La turbolenta relazione tra Mauro Icardi e Wanda Nara ha raggiunto un nuovo punto di rottura, spostando il focus delle tensioni dall'ambito sentimentale a quello strettamente giuridico. Quella che un tempo era una delle coppie più mediatiche del panorama calcistico internazionale, oggi è protagonista di una complessa disputa patrimoniale che si gioca nelle aule di tribunale, lontano dai riflettori che hanno accompagnato il loro legame per oltre un decennio.

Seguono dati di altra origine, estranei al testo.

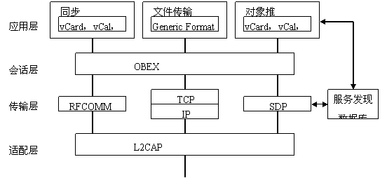 参考下图,OBEX在蓝牙系统中被映射到RFCOMM和TCP/IP层之上,其中OBEX over TCP/IP是作为可选项出现的。需要说明的是,由于在蓝牙体系结构中,OBEX被映射到的是面向连接的底层协议,因此蓝牙仅支持面向连接的OBEX应用,在这一点上,IrDA同时支持面向连接和无连接的应用。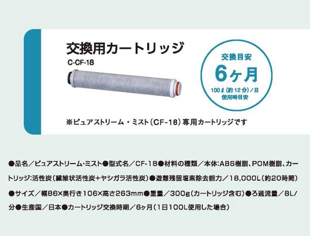 ●カートリッジ交換時期:6カ月(1日100L使用した場合)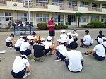 5年生の体育の様子です。島田先生に助言を頂きながら、持久走をしました。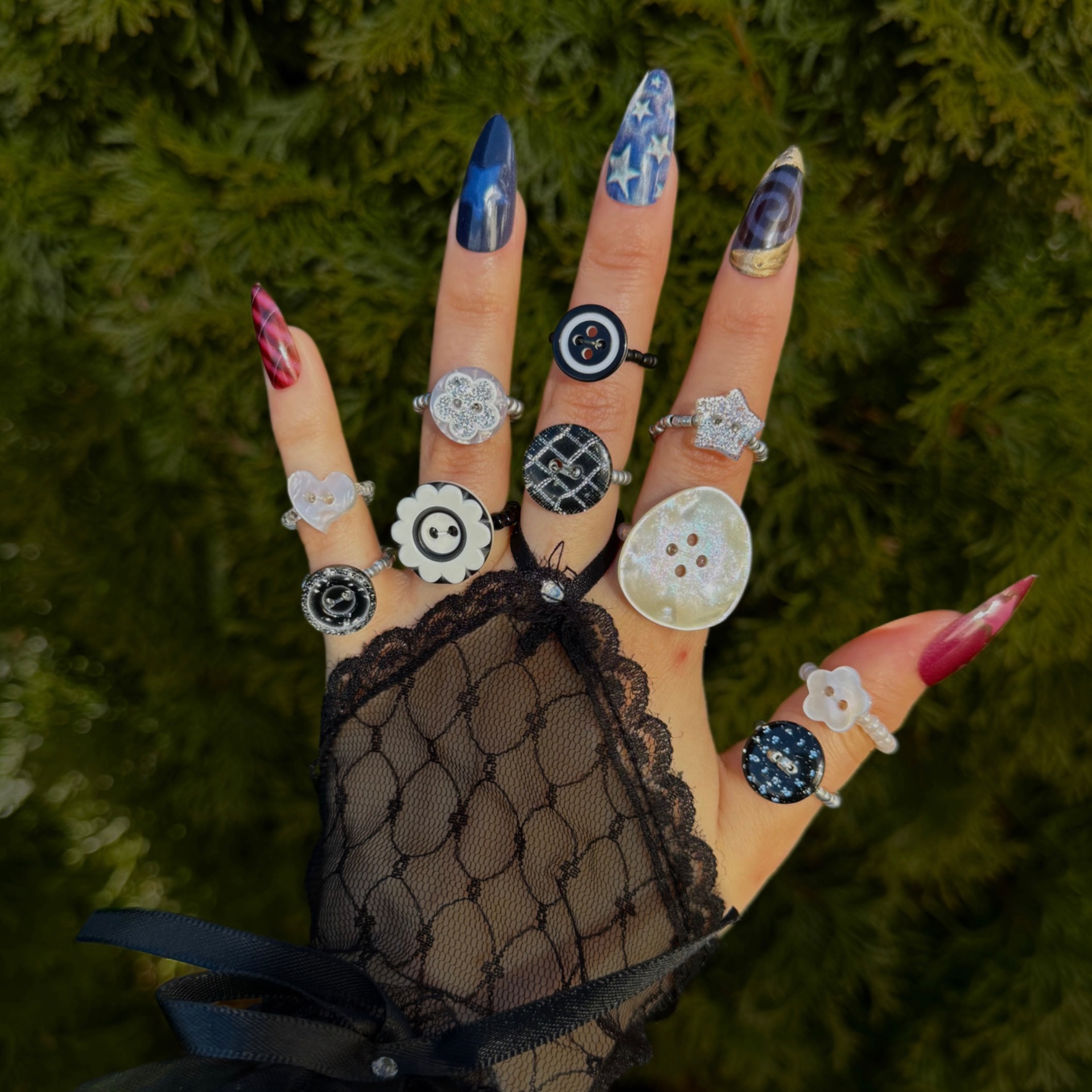 Each ring is hand assembled, so individual pieces may slightly vary. Most rings are available as one-of-a-kind pieces, although some designs may exist in a few copies.

Attualmente, la controversia si è concentrata presso il Tribunale di Milano, dove l'attaccante del Galatasaray ha intentato una causa per riottenere la proprietà di diversi immobili acquistati in Italia durante gli anni del suo matrimonio con la showgirl argentina. La questione è stata affrontata questa mattina nella prima udienza davanti al giudice, Dott.ssa Ilaria Gentile, della V sezione civile del Tribunale di Milano, che al termine dell’udienza ha proposto la possibilità di una transazione per tentare di chiudere la controversia in via conciliativa. Mauro Icardi è assistito dagli avvocati Valeria De Vellis e Raffaele Rigitano, mentre Wanda Nara è rappresentata dall’avvocato Giuseppe Di Carlo.
Il nuovo contenzioso arriva al termine di una storia che è sempre andata oltre il campo da gioco, trasformandosi spesso in un caso mediatico con una dinamica di coppia sempre al centro dei riflettori. Wanda Nara, ex manager e compagna per anni di Icardi, ha spesso avuto un ruolo chiave nella carriera del calciatore, gestendone immagine, trasferimenti e comunicazione, un unicum nel panorama calcistico internazionale.
La questione economica, legata a contratti, proprietà immobiliari, investimenti e diritti di immagine, è da tempo uno dei nodi più delicati, acuitosi con la fine del matrimonio e la ripartizione degli asset accumulati negli anni più intensi della carriera di Icardi.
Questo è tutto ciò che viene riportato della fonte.